* TO DO: Starting with the first line of the material, reproduce exactly each line up to and including the one that contains "近日,生命科學學院師生走進潛", leaving out every picture.
[Opening DATASET EXTRACT section]
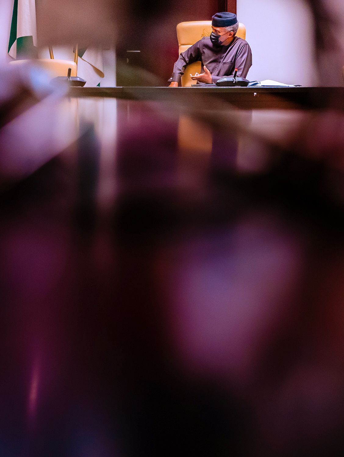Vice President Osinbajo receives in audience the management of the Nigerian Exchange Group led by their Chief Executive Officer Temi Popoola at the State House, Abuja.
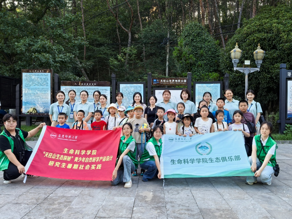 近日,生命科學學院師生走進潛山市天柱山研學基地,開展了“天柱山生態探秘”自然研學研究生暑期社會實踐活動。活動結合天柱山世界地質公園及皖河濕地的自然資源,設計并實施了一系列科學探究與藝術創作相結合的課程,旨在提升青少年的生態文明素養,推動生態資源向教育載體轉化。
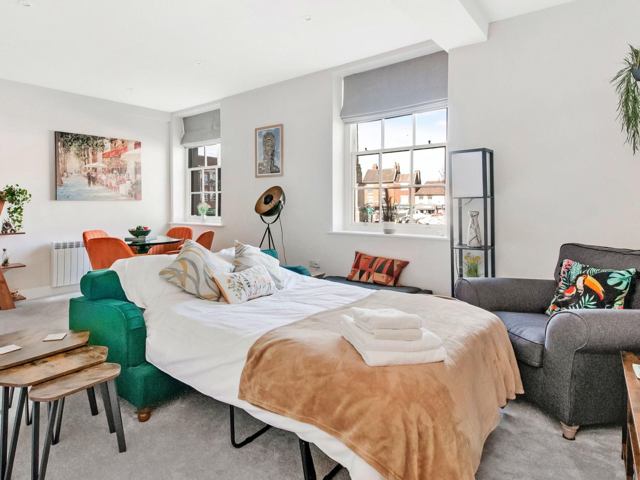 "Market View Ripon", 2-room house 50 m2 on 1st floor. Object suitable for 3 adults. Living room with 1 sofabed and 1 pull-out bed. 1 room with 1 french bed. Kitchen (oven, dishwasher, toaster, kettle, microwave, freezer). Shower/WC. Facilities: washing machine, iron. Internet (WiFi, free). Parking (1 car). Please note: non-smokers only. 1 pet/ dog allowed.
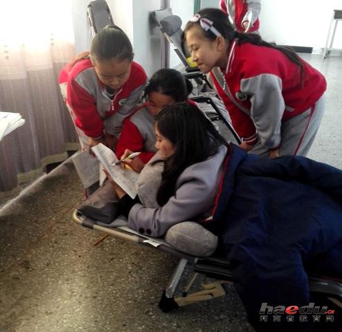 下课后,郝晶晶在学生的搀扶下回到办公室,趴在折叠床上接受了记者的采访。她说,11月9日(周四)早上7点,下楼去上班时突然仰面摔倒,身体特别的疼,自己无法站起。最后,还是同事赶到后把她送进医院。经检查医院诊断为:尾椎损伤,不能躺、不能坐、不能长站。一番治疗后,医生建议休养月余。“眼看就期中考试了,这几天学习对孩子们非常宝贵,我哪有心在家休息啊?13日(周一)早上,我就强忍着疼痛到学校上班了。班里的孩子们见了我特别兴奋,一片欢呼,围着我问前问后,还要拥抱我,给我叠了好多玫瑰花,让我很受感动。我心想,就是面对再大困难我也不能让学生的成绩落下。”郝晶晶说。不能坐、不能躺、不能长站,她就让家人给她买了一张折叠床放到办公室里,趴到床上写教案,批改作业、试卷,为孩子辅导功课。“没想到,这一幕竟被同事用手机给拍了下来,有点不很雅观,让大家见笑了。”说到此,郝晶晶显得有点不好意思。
[Closing DATASET EXTRACT section]
* RESULT BELOW:
Vice President Osinbajo receives in audience the management of the Nigerian Exchange Group led by their Chief Executive Officer Temi Popoola at the State House, Abuja.
 近日,生命科學學院師生走進潛山市天柱山研學基地,開展了“天柱山生態探秘”自然研學研究生暑期社會實踐活動。活動結合天柱山世界地質公園及皖河濕地的自然資源,設計并實施了一系列科學探究與藝術創作相結合的課程,旨在提升青少年的生態文明素養,推動生態資源向教育載體轉化。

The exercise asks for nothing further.